Tom Lawrence
Professor of Strategic Management
- tom.lawrence@sbs.ox.ac.uk
Saïd Business School
University of Oxford
Park End Street
Oxford
OX1 1HP
Profile
Tom's areas of expertise include strategic management, organisational change, social innovation, institutional theory, and social change.
He is a leader in developing research strategy and organisation theory that integrates cultural understandings of organisations, industries and fields with a concern for the role of individuals and organisations in creating change. This work has appeared in the leading organisation and strategy journals, including Administrative Science Quarterly, Academy of Management Journal, Academy of Management Review, Harvard Business Review, Sloan Management Review, Organization Studies, Journal of Management Studies, Human Relations, and the Journal of Management. He is also a co-editor of the Sage Handbook of Organization Studies, Second Edition, Institutional Work: Actors and Agency in Institutional Studies of Organizations, and the Sage Handbook of Organizational Institutionalism, Second Edition.
Before joining Saïd Business School, Tom was the W. J. VanDusen Professor of Management at the Beedie School of Business, Simon Fraser University. Prior to that, Tom held permanent or visiting positions at the University of Victoria, University of British Columbia, Cambridge University, McGill University, St. Andrews University, and Chulalongkorn University. He received his PhD in organisational analysis and BComm in finance from the University of Alberta.
Expertise:
- Strategic management
- Institutional theory
- Social innovation
- Power and politics in organisations
- Language and culture in organisations
Read Tom's CV.
Research
Tom’s research focuses on how organisations and individuals effect major change in highly contested domains. Examples of these domains include healthcare, the natural environment, addiction and homelessness.
His work examines how change and innovation results from the interplay of politics, language and social networks. In particular, Tom’s research shows the importance of social institutions - widely held beliefs and values - in both facilitating and constraining social innovation and change.
Publications
Trajectories of Inclusion: The Role of Relationality in Shaping Disability Inclusion(opens in new window)
- Journal article
- Academy of Management Proceedings
Constructing envelopes: how institutional custodians can tame disruptive algorithms(opens in new window)
- Journal article
- Academy of Management Journal
Social-symbolic work in the construction of social problems: constructing gender inequality in Turkish social partnerships(opens in new window)
- Journal article
- Journal of Business Ethics
A social-symbolic work perspective on strategy as practice: the objects of strategy work(opens in new window)
- Chapter
- Cambridge Handbook of Strategy as Practice
Emplaced partnerships and the ethics of care, recognition and resilience(opens in new window)
- Journal article
- Journal of Business Ethics
Engagement
Tom Lawrence has been studying and teaching change and innovation for more than twenty years, with a particular emphasis on social innovation.
At the Beedie School of Business, Tom was the founding Director of the CMA Centre for Innovation, which conducted research on social, technological and organisational innovation. The Centre for Innovation supported research on social innovation in areas including corporate environmental responsibility, Aboriginal education, housing, addictions treatment, public health, and Aboriginal entrepreneurship. It launched the CMA Centre Social Innovation Case Competition for SFU undergraduate students, and supported the injection of social innovation into the Beedie School of Business curriculum.

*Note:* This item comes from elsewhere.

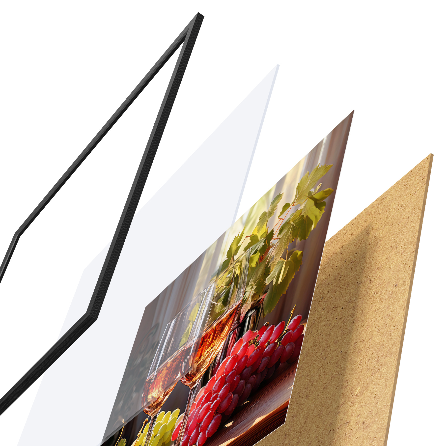 Il poster è composto da cornice, plexiglass, immagine stampata e supporto in truciolato. Il poster può essere immediatamente appeso alla parete grazie ai supporti sul retro.

Tom’s research has focused on social innovation in highly contested domains. In particular, he has examined the roles of power, language and institutions in fostering social change in domains such as HIV/AIDS treatment, ecotourism, drug policy, refugee systems, coastal forestry, and indigenous entrepreneurship. This work has been published in the most prestigious academic and practitioner publications, including Harvard Business Review, MIT Sloan Management Review, Administrative Science Quarterly, Academy of Management Journal and Academy of Management Review.

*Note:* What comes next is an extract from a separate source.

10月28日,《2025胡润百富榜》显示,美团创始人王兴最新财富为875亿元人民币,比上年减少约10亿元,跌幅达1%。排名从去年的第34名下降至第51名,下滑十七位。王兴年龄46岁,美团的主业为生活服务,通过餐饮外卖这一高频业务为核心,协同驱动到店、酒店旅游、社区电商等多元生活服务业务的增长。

Tom’s engagement with change and innovation includes working with a wide range of private, public and voluntary sector organisations. Currently, he sits on the board of Mindset Foundation.
Teaching
Tom teaches strategy, management, innovation and entrepreneurship on MBA, Executive MBA, PhD and Executive Education programmes.
His aim is always to foster strategic thinking, so that students are better able to make complex organisational decisions and engage in effective strategic action.